To start, let's break down the linear charge distribution into small elemental charges. We can consider each small segment of the charge distribution as a point charge and calculate the potential due to each segment.
The charge density lambda(x) is given as bx C/m, where b = 5.2 nC/m². The elemental charge dq at a distance x is given by dq = lambda(x) dx.
Now, let's calculate the potential at the point y = 8.6 m due to each elemental charge.

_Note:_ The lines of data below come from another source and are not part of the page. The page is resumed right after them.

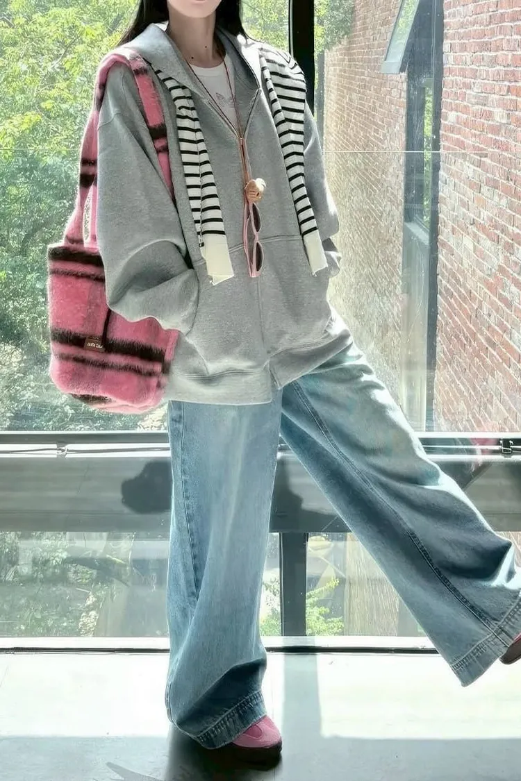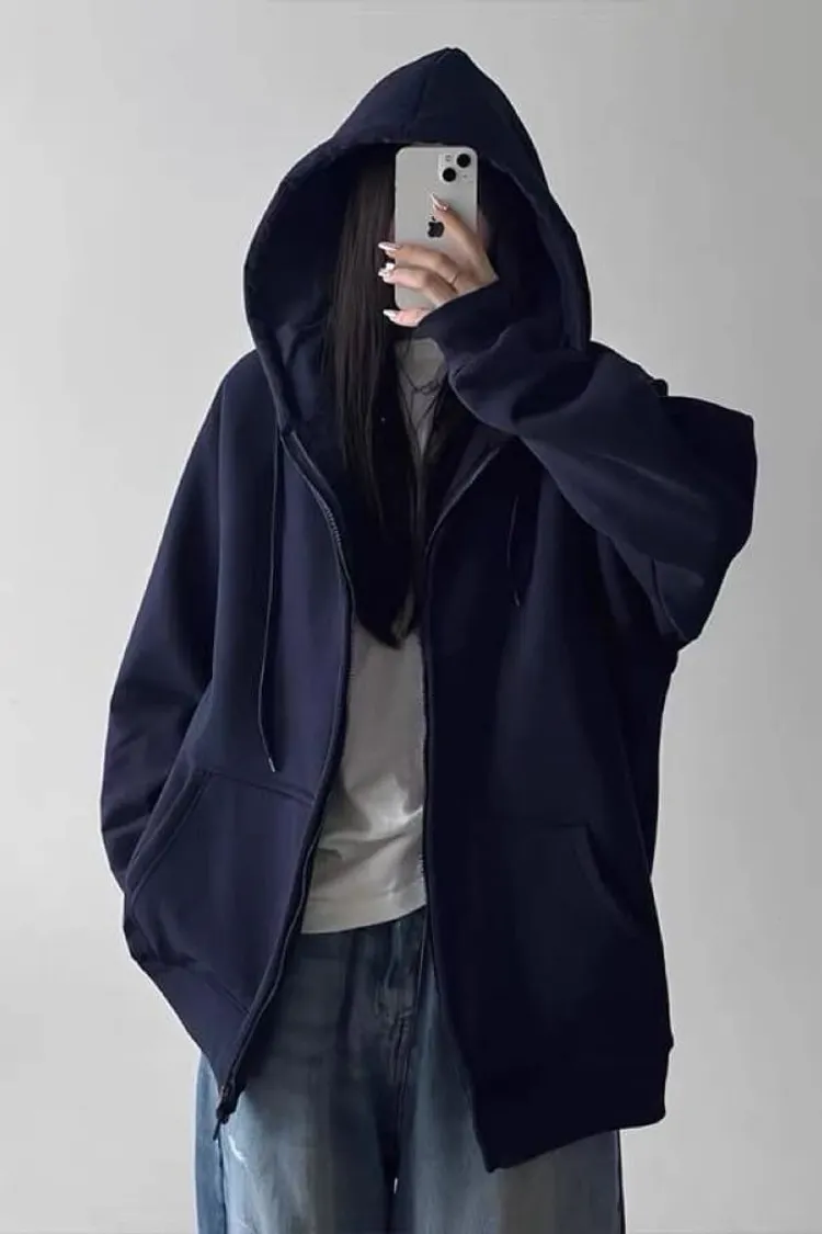 素色連帽拉鍊長版牛奶絲棉外套
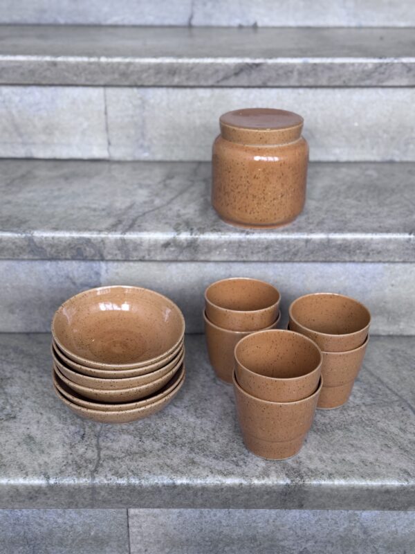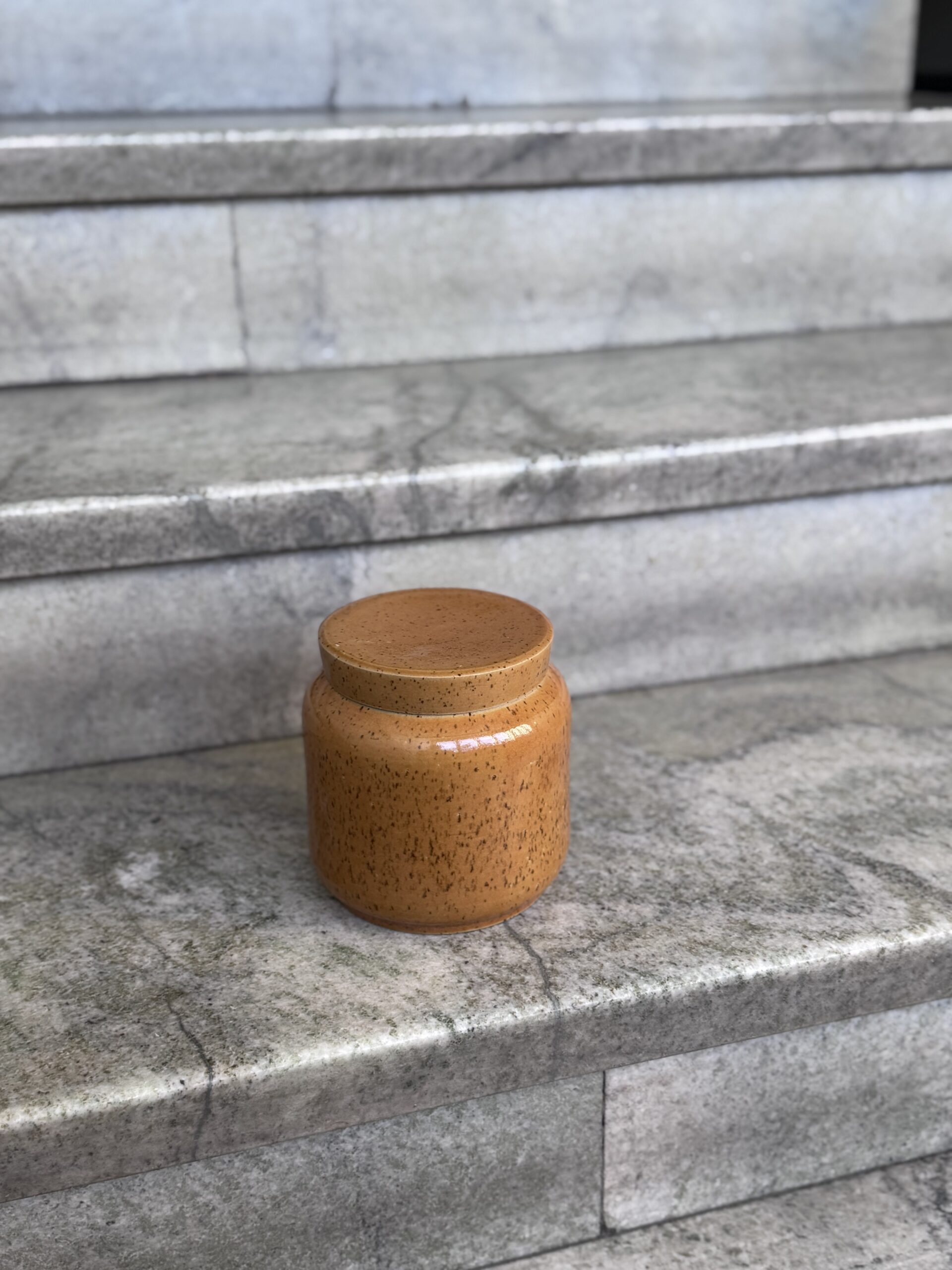 Burk med dunderhonung-känsla, blir inte gulligare än så. Perfekt som kaffeburk. Storlek: 100cl Utförande: Lavalera med blank gul glasyr
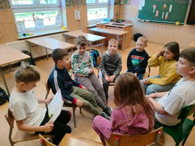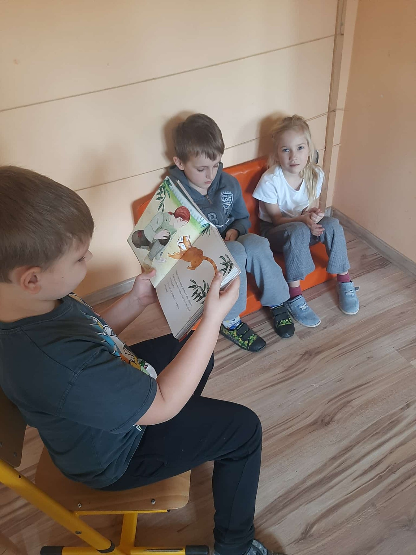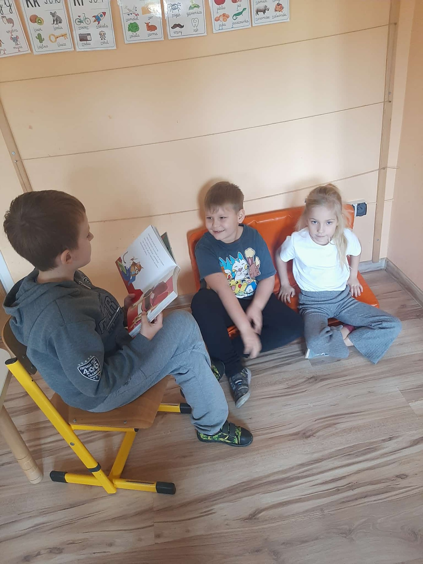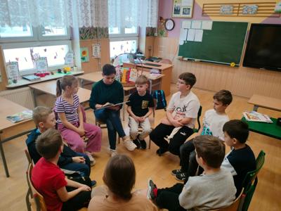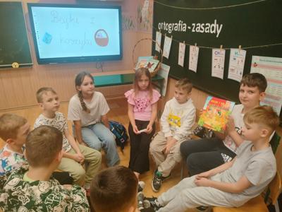 Zakończyliśmy w klasach 1-3 innowacje pedagogiczną "Bajki z koszyka" , która trwała 2 miesiące i miała na celu modelowanie pasji czytelniczych, wsparcie i budzenie całościowego i uporządkowanego rozwoju , pobudzenie procesu edukacji językowej i odzwierciedlenie poprawnego kontaktu z książką przy pomocy wzorca osób dorosłych. W tym czasie dzieci samodzielnie czytały dla kolegów i koleżanek swoje ulubione bajki i fragmenty książek, rozwijaliśmy wypowiedzi rozmawiając o każdym tekście. Gościliśmy także mamę Mikołaja Panią Beatę Pochmara , która również czytała dzieciom. Zorganizowaliśmy dwa konkursy "Zakładka do książki" i " Królewna Śnieżka". Dzieciom bardzo spodobał się taki projekt i zachęcił ich do czytelnictwa.
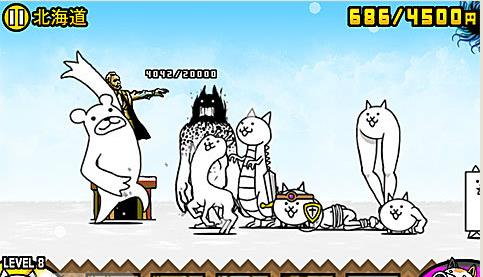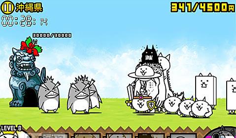 敌人的城堡终于突破2W到达25000了,这一关小编建议尽量把所有兵种全部升为最高级,特别是巨神喵,巨神喵升级为喵大帅后,不仅能抗而且还很能打,基础兵种的意义现在变成拖延时间且累计资金,这一关的敌人还是老对手,从喵颈鹿开始出兵才有可能获胜,喵大帅出兵2-3只就够了,其他的交给喵UFO和喵龙以及喵鲸。
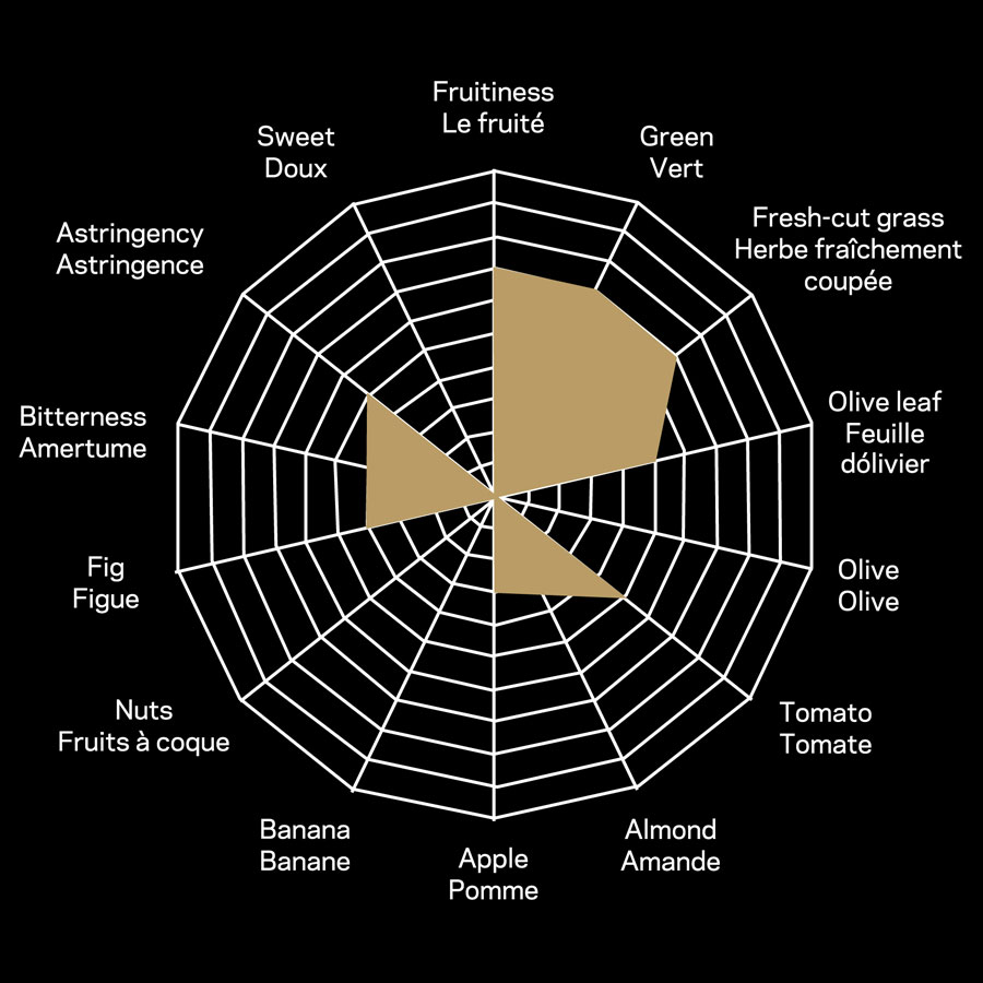 FUENOLIVA features the distinctive nuances of the Picual variety. The aroma suggests a fruity yet nutty flavour, with hints of wood, tomato, fresh-cut grass and figs. The bitterness, astringency and fragrant attributes complement each other, for which the Picual variety is well known for.
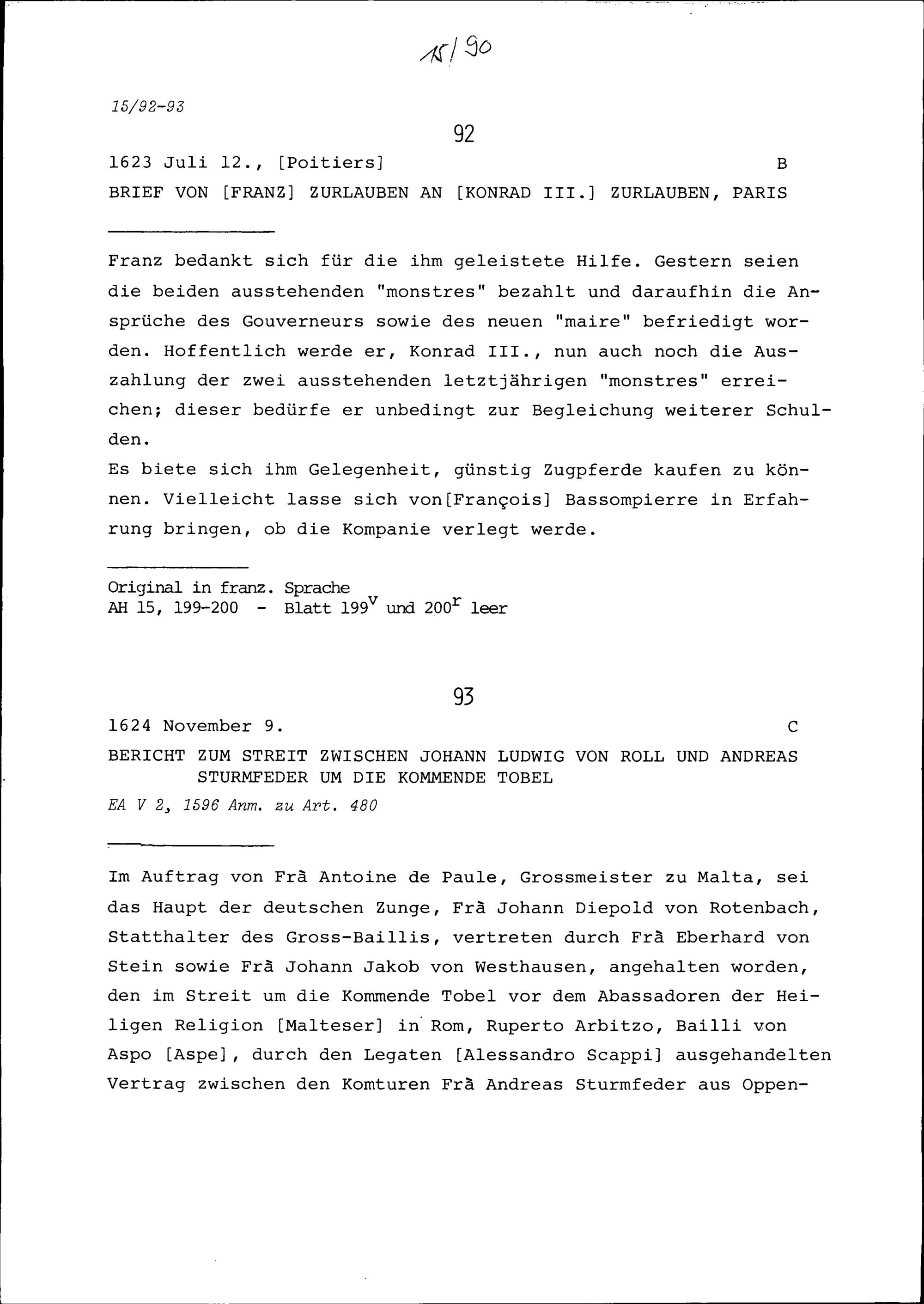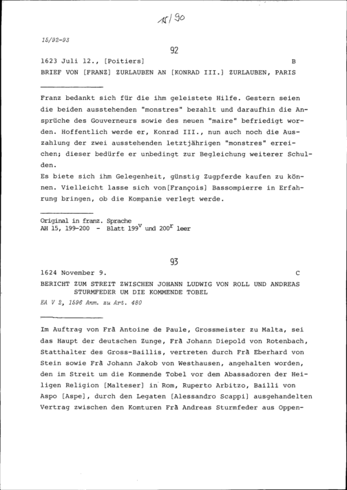Schreiben von Franz Zurlauben an Konrad III. Zurlauben, Paris

The potential at a point due to a point charge q at a distance r from the point charge is given by V = k * q / r, where k is the electrostatic constant (k = 9 × 10^9 Nm²/C²).
We can integrate the potential due to each elemental charge along the x-axis from 4.9 m to 6 m to get the total potential at the point y = 8.6 m.
∫ V(x) dx = k * ∫ (dq / r)
Since we are calculating the potential at a point on the y-axis, the distance r between the elemental charge and the point is the perpendicular distance from the elemental charge to the point on the y-axis. In this case, the distance r is the difference between y and x.
∫ V(x) dx = k * ∫ (lambda(x) dx / (y - x))
Substituting the given charge density lambda(x) = bx, we have:
∫ V(x) dx = k * ∫ (bx dx / (y - x))
Now, we can plug in the values and calculate the potential at the point y = 8.6 m.
y = 8.6 m
b = 5.2 nC/m²
k = 9 × 10^9 Nm²/C²
r = y - x
∫ V(x) dx = k * ∫ (bx dx / (y - x)) from x = 4.9 m to 6 m
Evaluate the integral to find the potential at the point y = 8.6 m.
The result of the integral will give us the electric potential (relative to zero at infinity) of the point y = 8.6 m on the positive y-axis.